The earliest followers of Jesus encountered certain social problems that Christians today seldom face. One problem for them was the issue of animals that had been sacrificed in temples to the indigenous deities of the Greco-Roman world. In our world religious sacrifice of animals, construed as cruelty to animals by the courts, is illegal, but not so in the ancient world. Animal sacrifice was ubiquitous. Followers of Jesus were a minority in the ancient world and were engulfed by the customs and practices of these religions. The animal was sacrificed at an altar that was presided over by an image of the God (an idol) whose priest received the offering. Part of the meat was immolated as an offering to the God; the remaining portion was divided among the temple staff and the worshippers (1 Cor 9:13). The priest had the authority to sell part of the temple's share of the sacrifice. In this way meat from the sacrifices made its way to the public sidewalk into the meat markets of ancient cities.1
In his first letter to the Corinthians Paul addresses three social locations where the problem of idol meat surfaces for members of the Jesus community in the ancient city of Corinth (1 Cor 8:1-13; 10:23-11:1): in the local meat market (1 Cor 10:25); in home meals with unbelievers (1 Cor 10:27-30); in eating meals in an idol's temple (1 Cor 8:10-13; 10:19-20).
Apparently, the Jesus gathering (ekklēsia) at Corinth was divided over the issue of sacrificial meat. Bible translators think they have identified statements in Paul's text where he quotes slogans from the debate originating from one side of the disagreement and are confident enough to place this text in quotation marks and/or also add words not in the text ("as you say") following the phrase in quotations (see 1 Cor 8:4; 10:23, 26). The quoted slogans likely belong to a faction Paul called the "liberated" (8:9; 10:29) as opposed to those the "liberated" regarded as weaker members of the Jesus gathering.

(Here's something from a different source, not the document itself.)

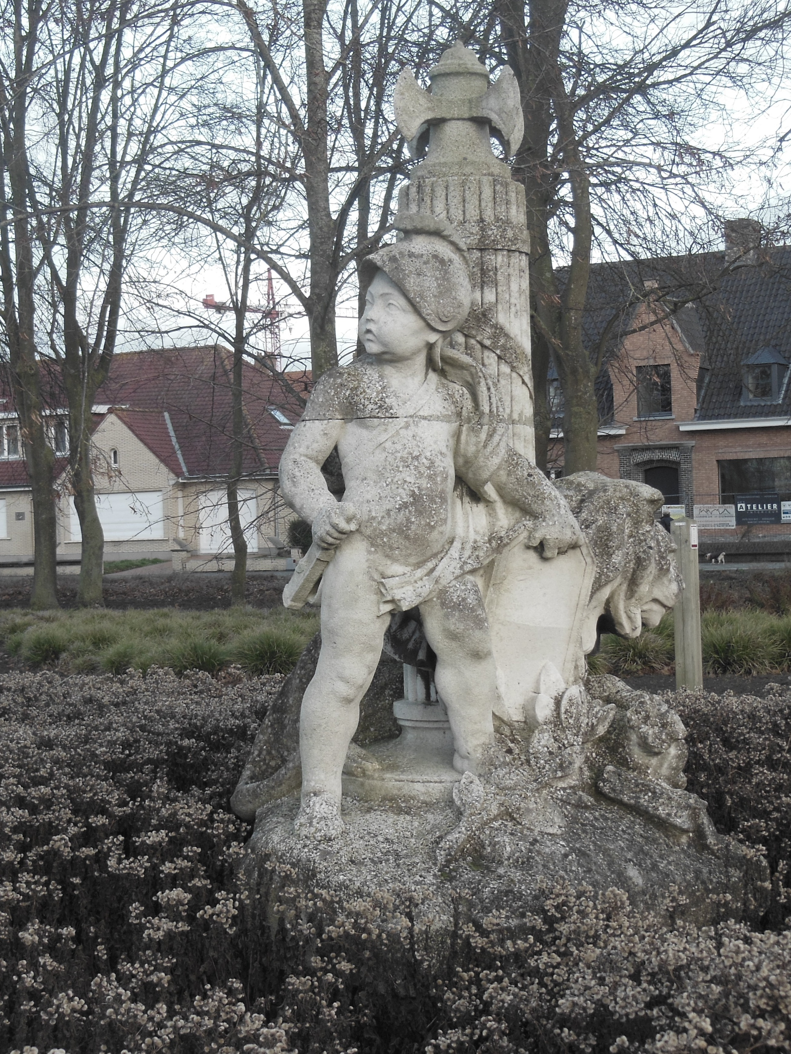 Statue of a child and the Belgian lion protecting the Belgian National Bank

Paul's attempt to resolve the situation is based on the principal that with regard to this matter the liberated should always defer to those the liberated regarded as the weak (8:9-12; Rom 15:1-2). Thus, one should not attend feasts in pagan temples (8:9-13).2 He tells them to buy whatever they need from the meat market without worrying about idols, since idols have no real significance (10:19-20, 25). If one is invited to the home of a non-believer, one can eat whatever one wants without raising questions of conscience. If others raise objections to the idol meat, then "do not eat it out of consideration for the one who informed you" (10:27-30).3 His rationale is that while the liberated may know that idols are nothing to be feared, others may not have that knowledge (8:7). Paul concludes that if food is a problem for a fellow believer, he would never eat meat again (8:13).

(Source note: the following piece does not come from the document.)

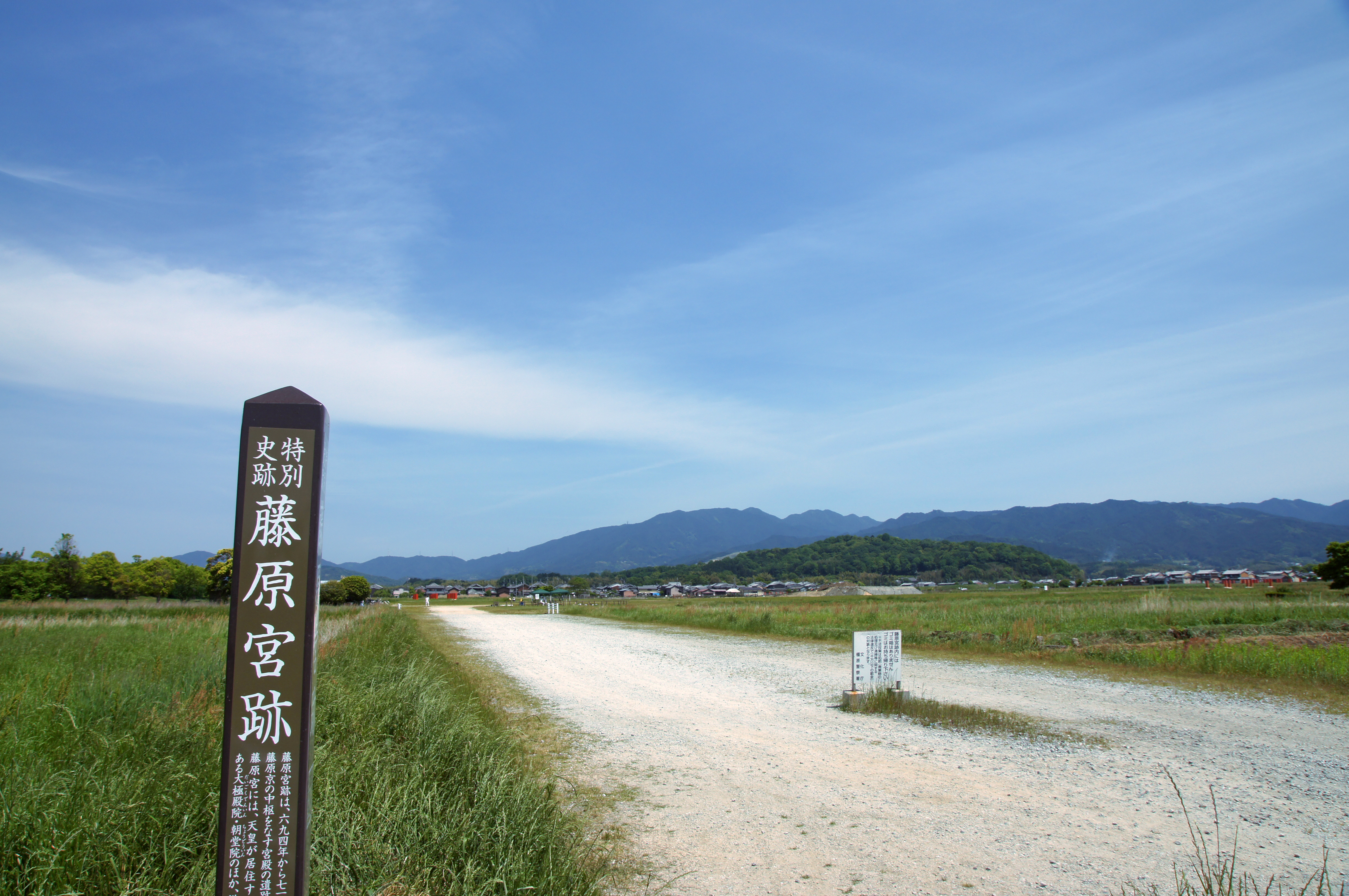 Fujiwara-kyō ruins in Kashihara, Nara prefecture, Japan

Eating idol meat may not be a modern problem, but the principle of deference to the weaker believer will apply to many modern situations (compare Rom 14:13-15:2). Paul actually alludes to another ancient practice that can also be a modern problem: drinking wine (Rom 14:21). He does not say drinking wine to excess; he only suggests that drinking wine is not right if it causes a fellow believer to stumble. He also seems to extend this principle to the "neighbor" who is not part of the community of believers (1 Cor 10:24, 31-33; Rom 15:1-2).
Missouri State University
1For a brief description of the sacrifices, see the discussion in Everett Ferguson, Backgrounds of Early Christianity (3rd ed.; Eerdmans, 2003), 188-92.
2Note, however, Paul seems to stop short of absolutely forbidding attending feasts in pagan temples, and leaves it to the individual to decide. Nevertheless, Paul's intent seems clear enough. From my reading of the text, it was a difficult situation for Paul. He basically agreed with the liberated faction that idols were nothing (1 Cor 8:1-4; 10:19-20), so to enforce his position that the liberated should not eat in pagan temples, Paul could offer his principle of concern for the weaker members of the Jesus gathering at Corinth (1 Cor 8:9) and his own example of never eating meat if it caused the weaker person to stumble in faith (1 Cor 8:13). His argument about pagan sacrifices being offered to demons (1 Cor10:20-21) seems more like a slur. I doubt that people who offered sacrifices in pagan temples thought they were sacrificing to demons. These two verses (1 Cor10:20-21) constitute the only mention of demons in the Pauline letters.
31 Cor 10:29b is a problem for the sense of the text. The Revised Standard Version puts verses 10:28-29a in parentheses, which in effect makes verse 10:29b a continuation of 10:27 and makes verses 28-29a a digression. Thinking of the text in this way retains the sense of the passage, for otherwise 10:29b contradicts 10:28-29a. See also Dewey, et al., The Authentic Letters of Paul. A New Reading of Paul's Rhetoric and Meaning (Polebridge, 2010), 94, where verses 28-29a are treated as a digression and placed in parentheses.
That was an enjoyable read, Charlie. I would say, additionally, that whenever considering the customs and rules followed in the early Jesus communities, it's always necessary to consider what influence the belief in the imminent coming of the Christ might have had on recommended behavior.